Innovative manufacturing processes 

Creating meals that retain as much of their original texture and flavour as possible whilst respecting the requirements of space food is a particularly complex challenge that calls for specific technical and chemical processes.





“Creating a classic wine sauce without alcohol is a long process. The ethanol must be extracted using a rotary evaporator. The sauce is then analysed (NMR) to check for the absence of alcohol.” Raphaël Haumont.

Freeze-drying, which consists of extracting the water from organic or mineral substances using vacuum and freezing techniques, was one of the preservation methods tested and extensively developed by the chef and the physical chemist. "We have developed an experimental recipe based on freeze-dried cherry tomatoes at the Orsay Institute of Molecular Chemistry and Materials (Icmmo- CNRS/Université Paris-Saclay) on the Orsay campus.” The goal is to create dehydrated tomatoes that retain their colour, shape and flavour. “The final result has a highly-concentrated flavour. Tomatoes are made up of more than 90% water. Removing the water means multiplying the flavour by almost tenfold."

The experts carried out an in-depth study into the relationship between texture and cooking to optimise thermal treatment and retain as much of the food’s flavour and texture as possible. For several weeks, the French Centre of Culinary Innovation (CFIC) and Jean Hénaff tested food samples with different cooking times and temperatures to determine the optimal temperature and cooking time for food preservation. Excessive cooking during the sterilisation process was found to damage the desired organoleptic properties.


Impeccable hygiene standards guaranteed

The meals are transferred to thermoformed containers by the Breton company Jean Hénaff, whose century-old savoir-faire in sealing and canning was recognised in 2016 when it was awarded the Entreprise du Patrimoine Vivant (Living Heritage Company or EPV) label.

“Our expertise consists of sealing the containers perfectly to ensure that they are completely airtight. We also ensure that the meals are canned correctly to preserve the meals’ nutritional properties and flavours, so that the astronauts can be reunited with the familiar flavours of planet Earth and take pleasure in savouring their meals. Another challenge is ensuring the foods’ microbiological safety.” Carole Machut, Head of R&D for the Jean Hénaff Group.

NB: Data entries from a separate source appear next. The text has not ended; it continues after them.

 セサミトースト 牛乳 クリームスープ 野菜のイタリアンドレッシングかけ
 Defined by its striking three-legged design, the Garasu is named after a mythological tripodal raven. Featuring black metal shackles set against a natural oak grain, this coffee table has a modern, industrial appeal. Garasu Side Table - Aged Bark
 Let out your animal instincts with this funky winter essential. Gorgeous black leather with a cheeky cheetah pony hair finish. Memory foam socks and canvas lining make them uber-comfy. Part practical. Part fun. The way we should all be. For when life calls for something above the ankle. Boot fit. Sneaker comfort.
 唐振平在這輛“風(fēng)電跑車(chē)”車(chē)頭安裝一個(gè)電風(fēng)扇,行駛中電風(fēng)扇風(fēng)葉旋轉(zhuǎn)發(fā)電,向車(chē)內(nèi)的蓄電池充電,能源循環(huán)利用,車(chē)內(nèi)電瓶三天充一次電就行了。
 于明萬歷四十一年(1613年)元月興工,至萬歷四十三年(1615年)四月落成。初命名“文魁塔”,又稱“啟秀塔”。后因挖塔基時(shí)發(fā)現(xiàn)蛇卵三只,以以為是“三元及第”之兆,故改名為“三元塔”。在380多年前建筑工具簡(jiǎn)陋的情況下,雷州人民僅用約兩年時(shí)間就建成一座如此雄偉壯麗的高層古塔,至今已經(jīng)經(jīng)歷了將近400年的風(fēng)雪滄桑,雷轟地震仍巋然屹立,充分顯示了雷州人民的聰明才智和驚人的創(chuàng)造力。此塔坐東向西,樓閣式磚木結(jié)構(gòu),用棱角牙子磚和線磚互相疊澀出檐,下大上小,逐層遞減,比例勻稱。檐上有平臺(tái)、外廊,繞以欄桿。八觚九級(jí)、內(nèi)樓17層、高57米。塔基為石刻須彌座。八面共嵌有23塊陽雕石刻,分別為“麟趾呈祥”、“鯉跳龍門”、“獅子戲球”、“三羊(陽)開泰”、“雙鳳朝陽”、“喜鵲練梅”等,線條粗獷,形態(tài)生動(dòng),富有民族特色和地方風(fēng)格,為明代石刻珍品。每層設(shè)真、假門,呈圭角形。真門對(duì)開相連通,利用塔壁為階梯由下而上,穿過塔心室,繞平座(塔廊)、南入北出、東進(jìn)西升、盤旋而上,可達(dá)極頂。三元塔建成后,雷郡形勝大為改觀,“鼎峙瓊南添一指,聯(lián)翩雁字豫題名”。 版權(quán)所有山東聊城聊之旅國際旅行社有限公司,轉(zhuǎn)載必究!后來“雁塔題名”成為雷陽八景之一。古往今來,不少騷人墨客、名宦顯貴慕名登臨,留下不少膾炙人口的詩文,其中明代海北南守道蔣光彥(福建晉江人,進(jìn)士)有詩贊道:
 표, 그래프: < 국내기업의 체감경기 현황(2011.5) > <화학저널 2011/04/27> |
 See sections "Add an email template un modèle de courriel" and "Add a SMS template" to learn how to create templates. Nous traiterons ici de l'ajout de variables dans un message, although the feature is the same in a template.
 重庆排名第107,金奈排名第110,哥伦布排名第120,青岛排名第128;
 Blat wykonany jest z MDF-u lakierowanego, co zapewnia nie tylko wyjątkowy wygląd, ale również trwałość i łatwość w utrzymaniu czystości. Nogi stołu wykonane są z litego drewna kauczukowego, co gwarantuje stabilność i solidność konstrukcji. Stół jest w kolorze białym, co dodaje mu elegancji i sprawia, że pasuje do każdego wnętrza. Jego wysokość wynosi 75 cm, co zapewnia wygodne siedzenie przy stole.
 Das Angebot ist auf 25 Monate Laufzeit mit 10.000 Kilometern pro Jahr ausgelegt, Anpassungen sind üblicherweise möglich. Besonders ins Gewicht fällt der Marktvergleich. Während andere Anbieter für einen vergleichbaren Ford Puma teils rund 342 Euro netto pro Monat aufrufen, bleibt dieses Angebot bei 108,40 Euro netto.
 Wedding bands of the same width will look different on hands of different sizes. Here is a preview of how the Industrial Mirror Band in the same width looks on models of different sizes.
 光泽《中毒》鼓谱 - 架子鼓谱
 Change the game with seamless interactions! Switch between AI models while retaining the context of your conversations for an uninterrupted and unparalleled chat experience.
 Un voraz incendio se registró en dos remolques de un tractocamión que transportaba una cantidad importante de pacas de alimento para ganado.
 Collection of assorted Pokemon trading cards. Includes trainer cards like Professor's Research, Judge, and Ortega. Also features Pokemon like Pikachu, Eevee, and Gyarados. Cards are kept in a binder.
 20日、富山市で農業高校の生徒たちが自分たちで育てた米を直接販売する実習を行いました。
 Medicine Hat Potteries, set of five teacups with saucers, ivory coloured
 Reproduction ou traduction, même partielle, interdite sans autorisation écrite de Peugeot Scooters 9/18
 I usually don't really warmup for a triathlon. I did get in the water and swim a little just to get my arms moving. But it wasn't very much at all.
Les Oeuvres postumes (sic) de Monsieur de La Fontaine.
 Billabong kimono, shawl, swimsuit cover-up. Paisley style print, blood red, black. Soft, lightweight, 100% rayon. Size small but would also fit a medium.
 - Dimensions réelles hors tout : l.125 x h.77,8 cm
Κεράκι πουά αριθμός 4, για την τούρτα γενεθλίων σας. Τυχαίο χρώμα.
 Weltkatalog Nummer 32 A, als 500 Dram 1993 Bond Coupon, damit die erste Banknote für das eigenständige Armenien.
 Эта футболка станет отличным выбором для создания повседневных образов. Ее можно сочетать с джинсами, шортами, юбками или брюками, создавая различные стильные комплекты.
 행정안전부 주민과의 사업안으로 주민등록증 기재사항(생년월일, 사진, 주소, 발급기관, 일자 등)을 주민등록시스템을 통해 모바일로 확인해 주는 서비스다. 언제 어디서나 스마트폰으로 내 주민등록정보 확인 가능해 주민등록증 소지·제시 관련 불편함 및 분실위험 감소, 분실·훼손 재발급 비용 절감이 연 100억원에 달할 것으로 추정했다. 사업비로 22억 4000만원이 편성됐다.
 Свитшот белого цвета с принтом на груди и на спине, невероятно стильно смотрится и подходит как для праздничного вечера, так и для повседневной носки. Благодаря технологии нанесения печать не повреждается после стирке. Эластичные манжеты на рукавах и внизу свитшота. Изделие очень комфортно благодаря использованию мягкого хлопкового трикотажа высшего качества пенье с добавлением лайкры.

The company meticulously assembles the food by hand and takes great care in presenting the meals. “The dishes’ visual aspect can be comforting for astronauts. In terms of their organoleptic properties, we hope that the meals eaten in space will be as close as possible to those enjoyed on Earth.”

Jean Hénaff is USDA compliant, which means that the company is authorised to export meat products to the United States. As a result, since 2011, the company has developed some 2,000 meals per year for the ISS. Jean Hénaff is one of only two French companies to have obtained this precious authorisation, which is based on strict regulations and requires companies to respect a rigorous health and food safety plan. 

The French Centre of Culinary Innovation (CFIC) is the result of a successful collaboration between Raphaël Haumont, professor at the Orsay Institute of Molecular Chemistry and Materials (CNRS/Université Paris-Saclay) and chef Thierry Marx. The shared laboratory is involved in fundamental and applied research, innovation, education and teaching projects. The laboratory coordinated the recipes developed by Thierry Marx for the European Space Agency (ESA). The Centre runs the University Chair “Cuisine du Futur”, supported by the Fondation Paris-Saclay Université.